Ahead of a five-hour FX market closure lasting between 1800GMT and 2300GMT due to the Thanksgiving holiday in the US, GBP/USD is trying to tentatively regain some composure. The pair had hit fresh annual lows just to the north of the 1.3300 level earlier on during Thursday’s session but has since bounced to the 1.3320s.
On the day, the pair is now flat. The tone of Brexit developments seems to be tacking a tone for the worse again. A UK government spokesperson on Wednesday evening said that the UK PM had told the Irish PM that he was concerned about a substantial gap that remained between the UK and EU on the implementation of the Northern Ireland Protocol.

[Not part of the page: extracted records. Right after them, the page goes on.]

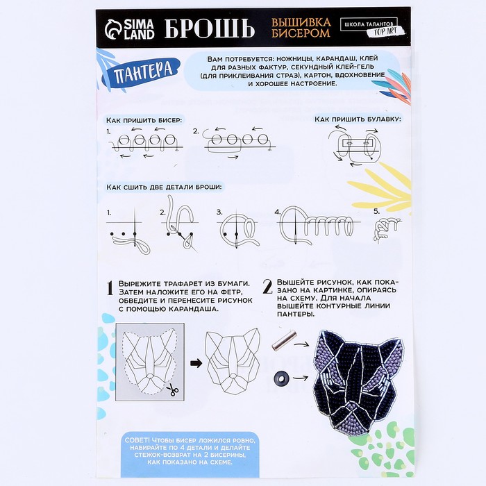 Вышивка бисером. Брошь «Черная пантера», набор для творчестваа‎ — Характеристики
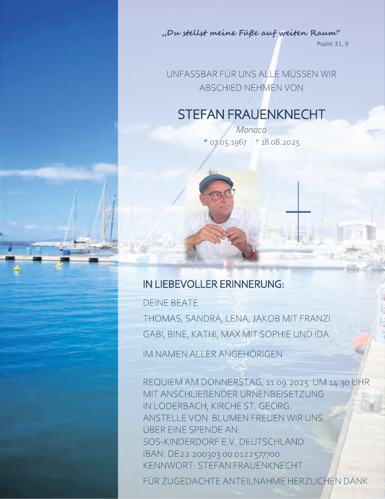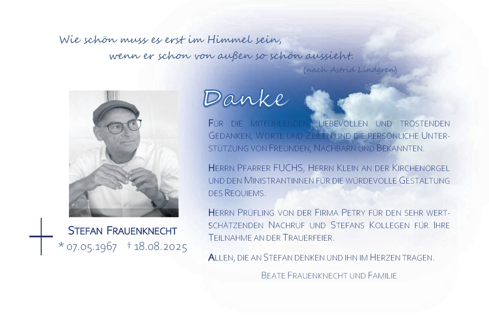 Hier finden Sie alle Traueranzeigen aus der Zeitung, die bisher für Stefan Frauenknecht erschienen sind. Weitere Traueranzeigen, die in der Zeitung erscheinen, werden hier ebenfalls aufgelistet
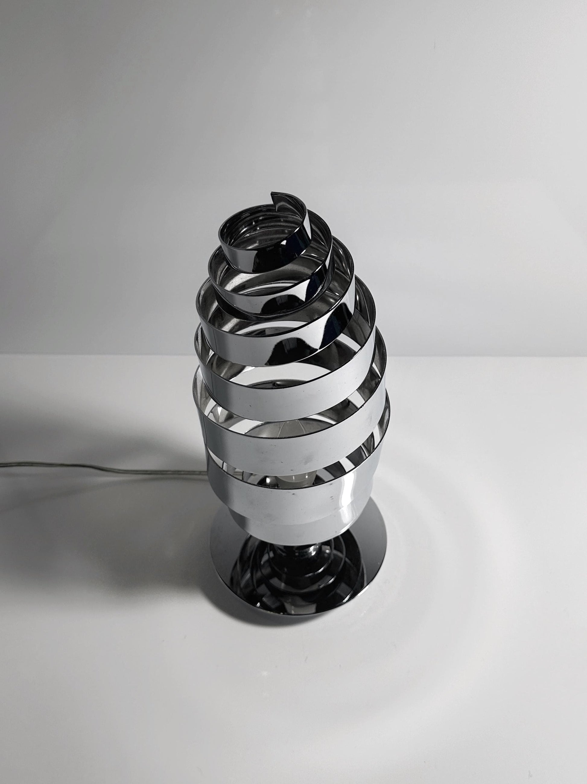 Lampe de table vintage chromée de style Space Age Spoutnik, milieu du siècle, années 60-70, spirale futuriste
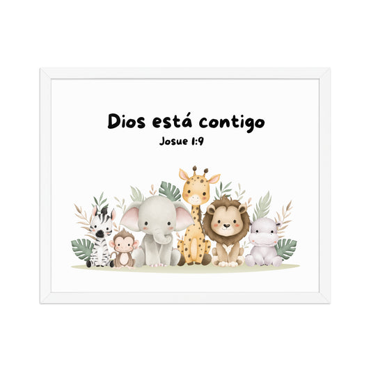 God Is With You Joshua 1:9 Spanish Scripture Kids Wall Art – Christian Nursery Decor | Bible Verse Poster for Children
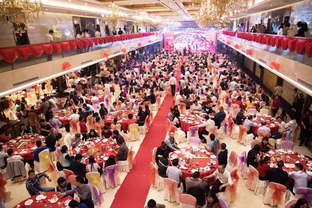 ▲祥達(dá)企業(yè)13周年慶典現(xiàn)場(chǎng)。據(jù)悉,祥達(dá)企業(yè)包了紅樹林大酒店一樓宴會(huì)廳和二樓所有包間。
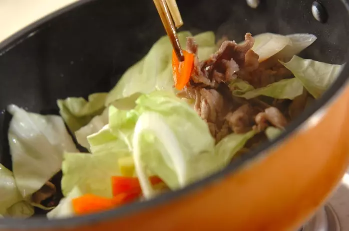 1、フライパンにサラダ油を中火で熱し、豚肉を炒める。さらにすべての野菜を加えて炒め合わせ、全体に炒められたら、うどんと<調味料>を加えて炒める。
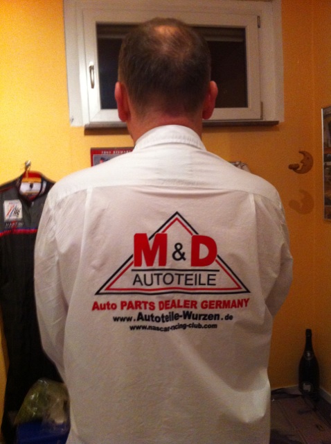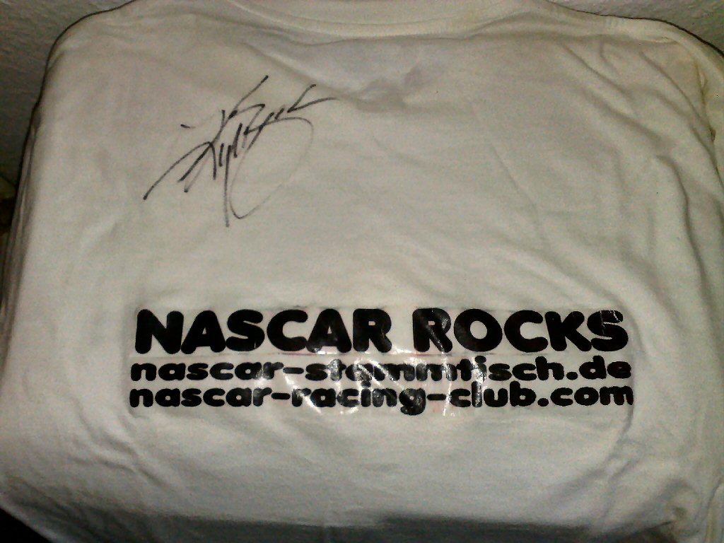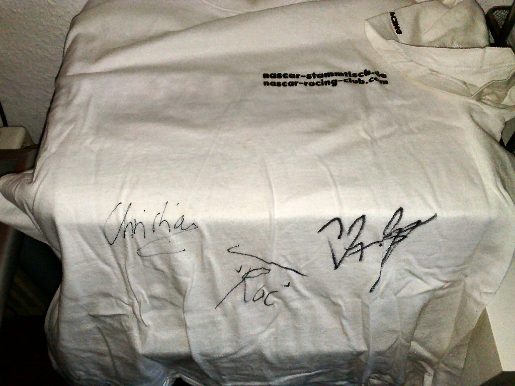 Dieses T-Shirt hatte Alex für uns gemacht. Es stehen unsere Internetadressen drauf. Auf dem oberen Bild sieht man die Unterschrift von #18 Kyle Busch. Auf Bild 2 in der Mitte ist die Unterschrift von Kid Rock. Er war im Infield beim Sprint Cup Rennen unterwegs. Das ist er ehemalige Man von Pamala Anderson. die andern bein Unterschriften sind aus Oscherleben 2011. Dort hatte ich das Shirt auch an und links hatte Chistian Fischer vom Honda Team unterschrieben und rechts ein Lambo Fahrer mit der Nummer #24

Meanwhile, the French Fishing Association Body was scathing of the UK on Thursday, saying that they had still not got what they wanted regarding licenses. The body said that French fishermen would be taking action on Friday to block French ports and the Channel tunnel. The blockades will disrupt UK/EU trade and are likely to exacerbate the supply chain disruptions already plaguing the UK economy.
Data from the ONS released earlier in the morning showed that 14% of businesses in the UK had reported a shortage of workers in late November. Further evidence of a strong UK labour market likely increases the chances that the BoE will hike interest rates by 15bps to 0.25% next month and this might be helping to negate the impact of negative Brexit newsflow for GBP.
But UK money markets don’t seem to have viewed the ONS data this way. Three-month sterling LIBOR futures for December 2021 (a proxy of the market’s expectations of the BoE’s Bank Rate next month) rose to their highest since late September on Thursday at 99.820, up from 99.765 at the start of the week. That implies markets only anticipate about 8bps of rate hikes next month, or are only pricing slightly above a 50% chance that the bank will hike rates.
If the BoE does disappoint expectations next month by refusing once again to hike interest rates, then GBP will see a negative reaction as hawkish bets are unwound. Though GBP/USD has come under heavy selling pressure in recent weeks and is down 2.6% on the month, the pair isn’t yet in oversold territory.
Its 14-day Relative Strength Index score is 33.3, above the oversold 30 mark, while its Z-score to its 200DMA (the number of standard deviations away) is at -2.61. In the last five years, the GBP/USD’s Z-score has only been under -2.50 on two occasions and on both those occasions it needed to fall under -3.0 before GBP/USD rebounded.